One of the most common gain killers I see is called “HADD”: “Hypertrophic Attention Deficit Disorder.” People who have “HADD” Switch up their exercises too often and have no long-term focus. Here’s the truth: guys who do the same, boring exercises over and over, do them well, and get stronger on them, simply build more muscle than guys who “switch it up” for whatever reason. Why? Well, it’s well known that new exercises cause the most muscle damage, but after a while, you adapt and less damage occurs. So while you may feel a lot more soreness from these “random workouts”, they actually don’t provide as much growth as sticking to the same set exercises and focusing on progressing those with more weight and/or reps over time.
What does this mean for your workout routines? Well, it means that you likely need to do an exercise consistently for at least 2-3 weeks before you can start to really get the best growth possible out of it. In addition, during your workout, at a minimum you should be recording the exercise, sets, reps, and weight that you are using. It’s also a good idea to write down your effort on each set and the settings that you are using on a machine or cable or any modifications you may have made. This allows you to control as many variables as possible such that you can more accurately determine if you actually made progress or not. It also serves as a plan of attack for your next workout.
Gain Killer 2 for workout routines at the gym: “Junk Volume:” Doing more sets than you should do in a single session, rather than doing just enough to maximize growth. But how do you know your limit? Based on the current evidence, as long as sets are being performed to or near failure it seems that the limit is around 10 sets per muscle per workout. This is highly variable, but does suggest that if you greatly exceed this theoretical limit by regularly doing 15-20+ sets for a muscle group in one session, then you are probably doing more harm than good. A practical solution is to distribute that volume into more than one session per week.

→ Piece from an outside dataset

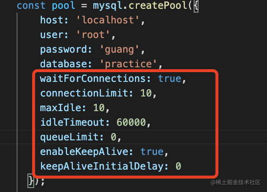 connectionLimit 是指定最多有多少个连接,比如 10 个,那就是只能同时用 10个,再多需要排队等。

Gain killer #3; redundant exercises. If you only have a certain amount of productive sets you can do per workout, then you want to make sure you’re getting the most bang for your buck. Most people workout consistently but see no results because they make the wrong exercise choices for these sets; in other words: they do exercises that do pretty much the exact same thing but just have different names. For example, take these two sample chest workouts. In workout A you do 3 sets of bench press, flat dumbbell press, and a flat machine press. In workout B you do 3 sets of bench press, 3 sets of an incline dumbbell press, and 3 sets of a cable fly. Which one do you think would be a better use of 9 sets?
Well, if you look at workout A, you are actually performing pretty much the same 1 exercise for all 9 sets. Whereas in workout B, you’re working several different parts of the chest with exercises that have varied angles and different resistance profiles. So for the same amount of work, you’d be able to provide much more stimulus to your chest with workout B, and as a result get more gains out of those 9 sets. Meaning, that for your overall workout routine, just think carefully about the chosen exercises you’re using for each muscle. Make sure you include exercises that are biomechanically different and challenge the muscle at different angles and ranges of motion. By doing so, you’ll be able to get more stimulus and more gains for the same amount of work.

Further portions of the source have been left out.